Bill Hackos, Comtech Services, Inc.; Charles Dowdell, The Raymond Corporation

In October of 2004, Bill Hackos wrote an article for the Best Practices newsletter, titled "The Information Developers Dilemma." He gave a presentation on the subject at the 2004 Best Practices Conference in the same month. The thesis of the article and the presentation was to demonstrate that principles brought forth in Clayton Christensen's book The Innovator's Dilemma on "disruptive innovation" apply to our own technical-writing discipline as well as with competition among high-tech companies. Bill showed how companies are beginning to use new technology, in this case the internet, to do programming, engineering, and documentation in third world countries that have either a natural English language or people educated in the English language. We refer to this innovation as offshoring. Offshoring is feared by American technical writers as a threat to their jobs. In fact, most of us know colleagues who have lost jobs that were transferred to India or elsewhere.

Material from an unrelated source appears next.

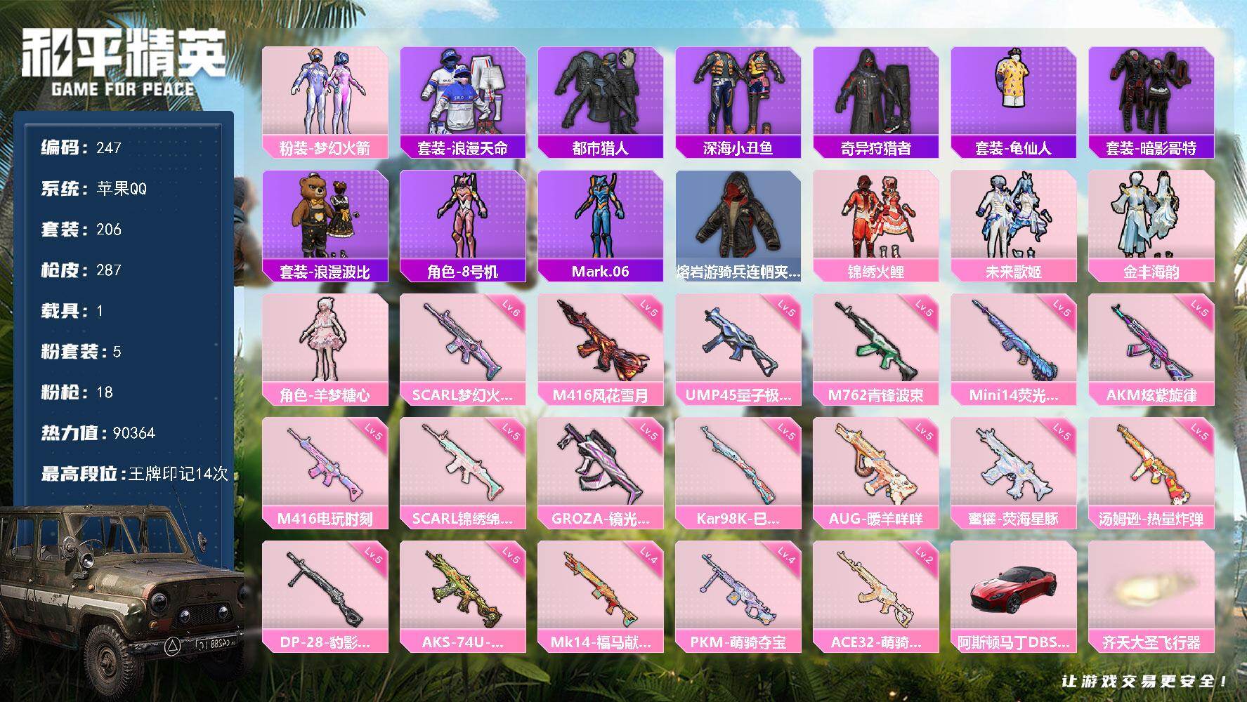 苹果 手Q-4粉装-6特效枪-0载具-0粉色飞行器-49718热力值-2王牌印

Following the conference last year, Charles Dowdell made the discovery of a 1967 paper by William J. Baumol called "Macroeconomics of Unbalanced Growth: The Anatomy of Urban Crisis," in the American Economic Review, about the effects of automation on the US economy.

We've been astounded by the similarity of the processes described by Baumol and Christensen. It's as if the Christensen book is an update of how the late 20th century technological revolution has added to the woes predicted by Baumol 30 years before.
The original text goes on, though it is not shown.